Those calliope-playing Mississippi riverboats will soon be carrying more than passengers. Scientists are preparing to attach monitors to some boats in an effort to gather more data on the river's water quality.
Mayors from up and down the Mississippi River gathered on a steamboat in Memphis Monday to announce a public-private partnership. The mayors agree that what happens upriver affects towns and the environment downriver. When lots of fertilizer and pesticides wash off of farmland upstream, it pollutes the river and ultimately ends up dumping into the dead zone in the Gulf of Mexico.

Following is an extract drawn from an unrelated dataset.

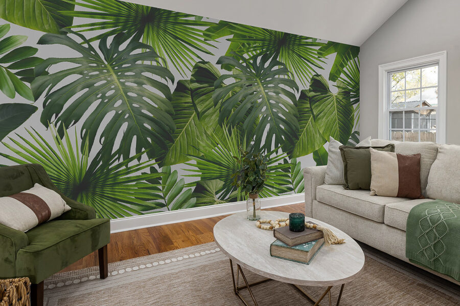 2 recensioni per Carta da parati Motivo di foglie tropicali verdi e lussureggianti

In order to measure that runoff, the U.S. Geological Survey and the Army Corps of Engineers are attaching a monitor on a cruise boat run by the American Queen Steamboat Company.
USGS director, Jim Reilly, says scientists already measure things like water temperature, PH level, and oxygen, but it is the first time they’ll be able to do that moving down the river, rather than just putting sensors in one place. Reilly says, “Now you have this picture of the watershed all the way from the beginnings - up near the Canadian border and the Great Lakes, all the way down to the birdafoot delta there in Louisiana.”
Initially one monitor will be attached to the stern of the boat and will take measurements every five minutes. Reilly says data like this could help farmers and scientists cut down on runoff. It’s a pilot project for now, they plan to install more monitors on additional boats in the future.